Finding the best split algorithm for multiple features
FOR each feature in FEATURES:
FIND all thresholds for the feature
FOR each threshold in thresholds:
SPLIT the dataset using "feature > threshold" condition
COMPUTE the impurity of this split
SELECT the condition with the LOWEST IMPURITY
We may need to establish some stopping criteria. This is because we apply recursive splitting, but how do we determine when to stop?
Stopping Criteria
To determine when to halt the recursive splitting process, it is essential to define stopping criteria. These criteria are vital for preventing overfitting and ensuring that the tree-building process concludes when specific conditions are satisfied. In the next article, when we discuss parameter tuning, we will delve into common stopping criteria for decision trees. Selecting the right stopping criteria is crucial as it depends on the dataset and the problem we are addressing. By adhering to these criteria, we can achieve a balance between model complexity and generalization. These criteria can be integrated into the decision tree algorithm to determine when to cease recursive splitting.

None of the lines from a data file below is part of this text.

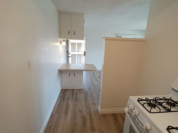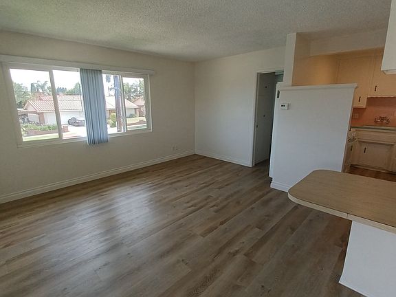 UPPER, FRONT UNIT WITH VIEW & PLENTY OF NATURAL LIGHT - 1 CAR Parking, NEW wood laminate/SPC flooring, new luxuriant carpet in bedroom, new A/C & heater, new ceiling fan, dual paned windows, new vertical blinds, includes built-in dinette set & wardrobe, and new oven-range. WALKING DISTANCE to ANAHEIM PLAZA which includes In-N-Out Burger, Wal-Mart, Burlington, Rubios, Subway, Old Navy, TJ Maxx, Ulta, FashionQ, and BofA. Also WALKING DISTANCE to Circle K, El Super Grocery Store, Wendy's, Smart & Final, Ranch 99 Groceries, Starbucks, Jolli Bee, and Chase. Not far from Anaheim City Center, Packing House, & Disneyland. Easy access to I-5 and 91 Freeways. Owner pays water. Tenant pays electricity, gas and trash. $35 credit check fee. SUV's, Vans & Large Pick-up Trucks will NOT fit in parking space. Phone number does not accept texts. CALL FOR AN APPOINTMENT.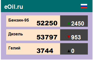 За прошедшую неделю в результате торгов на площадке eOil.ru были показаны следующие результаты электронных аукционов: цены на бензин неэтилированный АИ-95-К5, базис поставки Ханты-Мансийский АО, выросли за неделю на 5245 рублей до 55045 рублей за тонну. Цены на бензин неэтилированный АИ-92-К5, базис поставки Ханты-Мансийский АО, выросли за неделю на 2968 рублей до 48020 рублей за тонну. Цены на топливо дизельное ДТ-А-К5, базис поставки Ханты-Мансийский АО, снизились за неделю на 225 рублей до 54528 рублей за тонну. Цены на пропан-бутан автомобильный, базис поставки Тюменская область, выросли за неделю на 2350 рублей до 11000 рублей за тонну. Цены на гелий газообразный, базис поставки Оренбургская область, снизились за неделю на 444 рубля до 3300 рублей за кубический метр. Цены на конденсат газовый стабильный, базис поставки Краснодарский край, не изменились за неделю, и составляют 24000 рублей за тонну. |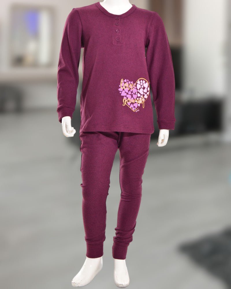Girls Love Yourself Print Wine Pyjama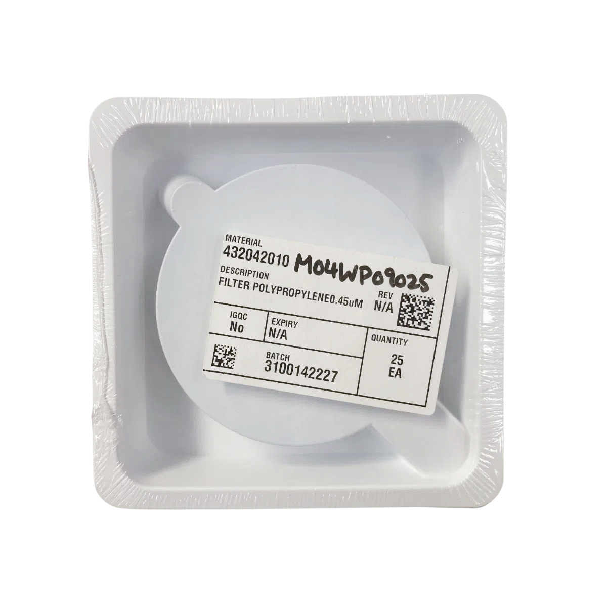 The polypropylene filter has extremely low extractable levels designed to provide accurate, consis tent analysis results for sensitive ion chromatography applications while prolonging column life. Polypropylene filters are the preferred filter membrane for HPLC applications where the detection levels are below 230nm. Polypropylene filters also exhibit negligible protein binding which is essential for maximum sample recovery of critical, small volume protein samples. MicroScience polypropylene filters are available in 0.1, 0.22 and 0.45 micron pore sizes in all disc diameters.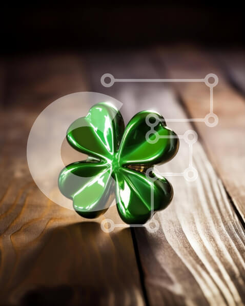 Intra Συλλεκτικό Ξύλινο Παζλ Plywood 4mm – Τετράφυλλο τριφύλλι σε παλιό ξύλινο τραπέζι Σε Ξύλινο Κουτί – Διαστάσεις: 10×10 cm – 25 κομμάτια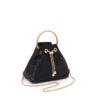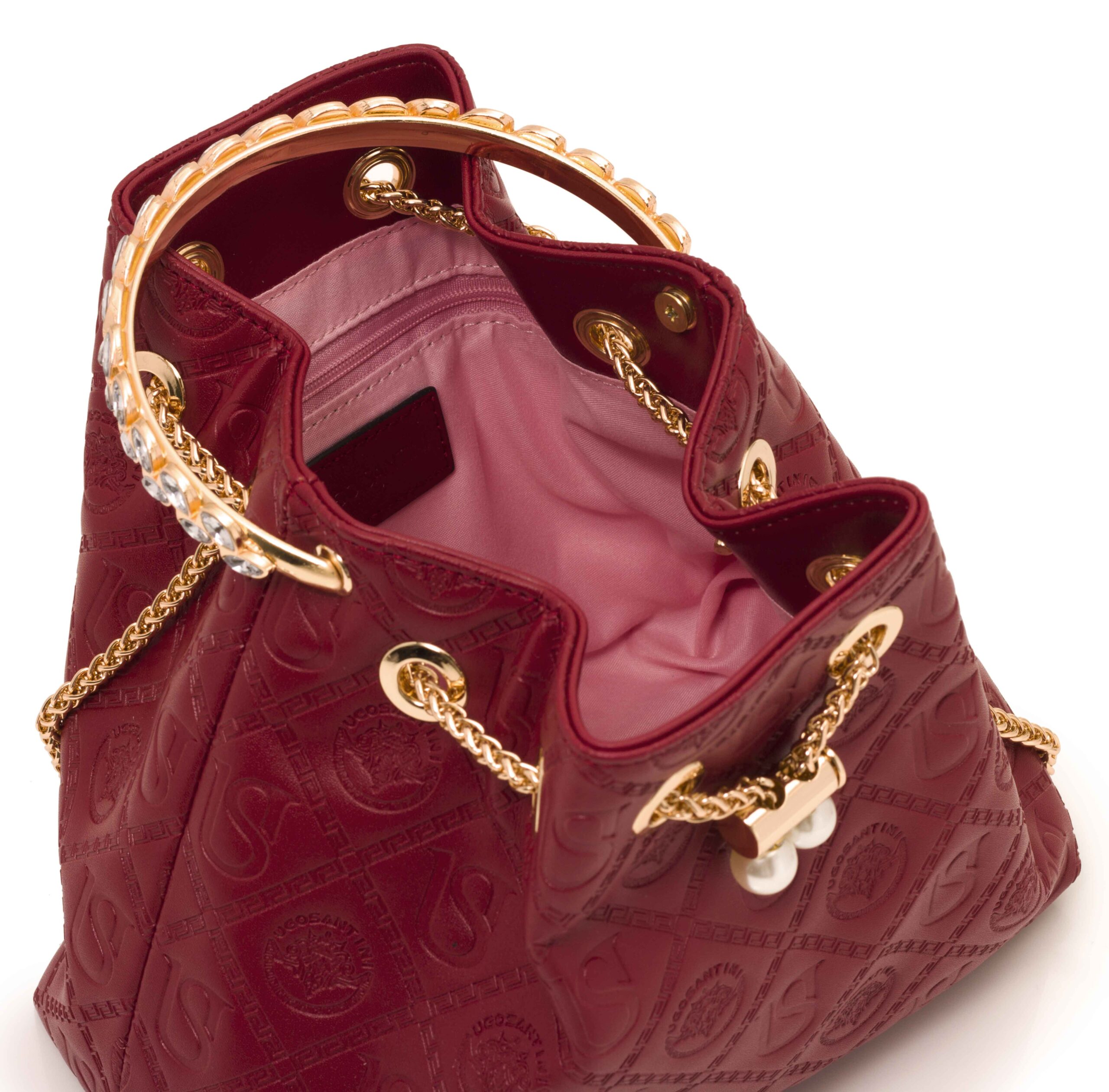 Cartera de cuero sintético trabajado con logo en relieve de la firma. Herrajes color oro y manija corta con diseño. Cierre de cadena con perlas. Asa de mano trabajada con strass perlados brillantes.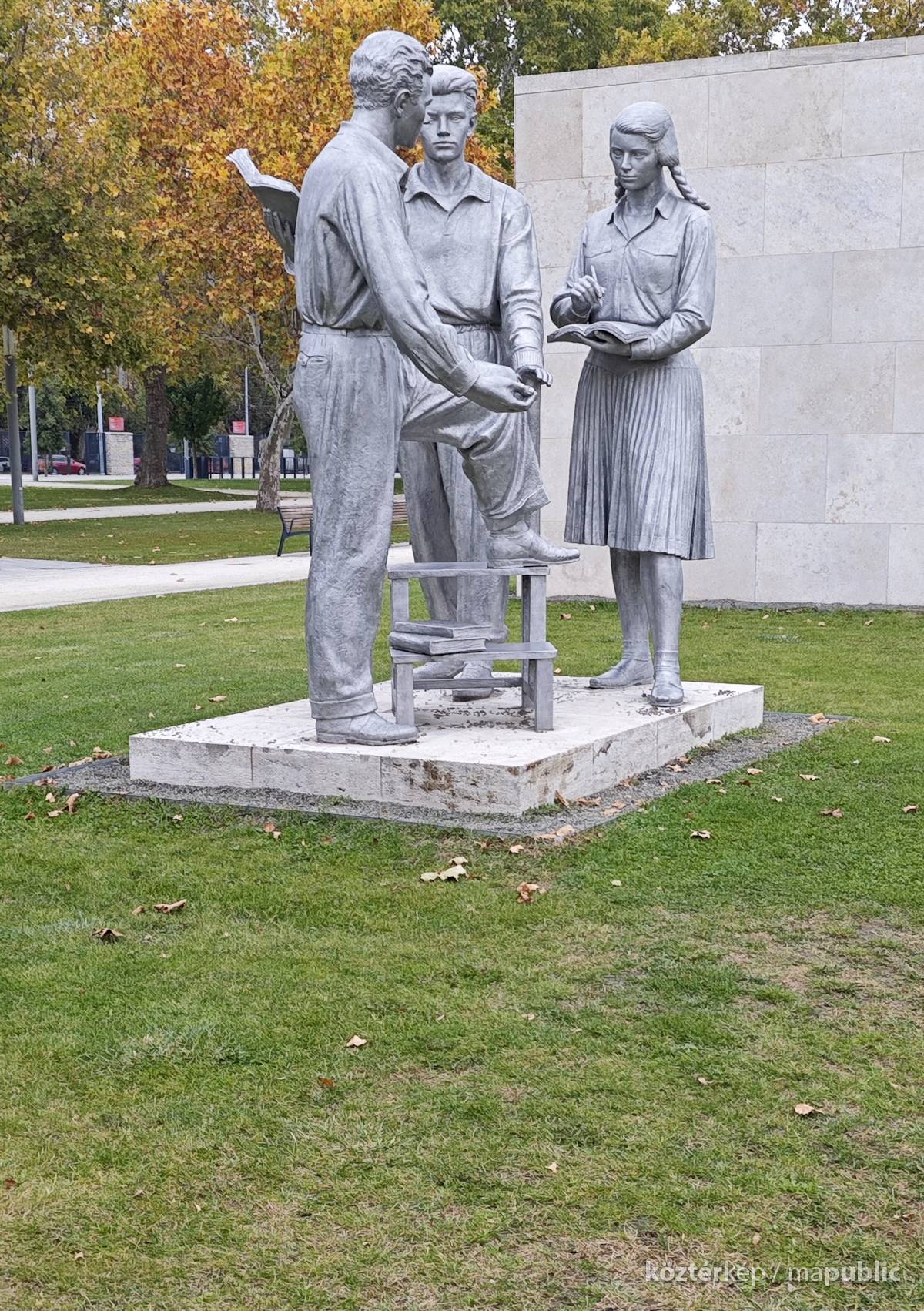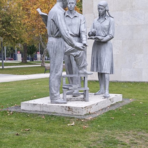 A dromosz 16 szobra közül az egyetlen, amely a munkásság és a parasztság helyett az értelmiséget jeleníti meg, feltehetőleg szándékosan nem feltűnően.

The most common stopping criteria are:
The group is already pure: If a node is pure, meaning all samples in that node belong to the same class, further splitting is unnecessary as it won’t provide any additional information.
The tree reached depth limit (controlled by max_depth): Limiting the depth of the tree helps control overfitting and ensures that the tree doesn’t become too complex.
The group is too small for further splitting (controlled by min_samples_leaf): Restricting splitting when the number of samples in a node falls below a certain threshold helps prevent overfitting and results in smaller, more interpretable trees.
When we use these criteria, we enforce simplicity in our model, thereby preventing overfitting. Let’s summarize the decision tree learning algorithm.
Decision Tree Learning Algorithm
Find the Best Split: For each feature evaluate all splits based on all possible thresholds and select this one that has the lowest impurity.
Stop if Max Depth is Reached: Stop the splitting process if the maximum allowable depth of the tree is reached.
If LEFT is Sufficiently Large and Not Pure Repeat for LEFT: If the left subset of data is both sufficiently large and not pure (contains more than one class), repeat the splitting process for the left subset.
If RIGHT is Sufficiently Large and Not PureRepeat for RIGHT: Similarly, if the right subset of data is both sufficiently large and not pure, repeat the splitting process for the right subset.
For more information on decision trees, you can visit the scikit-learn website. In the ‘Classification criteria’ section, you’ll find various methods for measuring impurity, including ‘Misclassification,’ as well as others like ‘Entropy’ and ‘Gini.’ It’s important to note that decision trees can also be employed to address regression problems.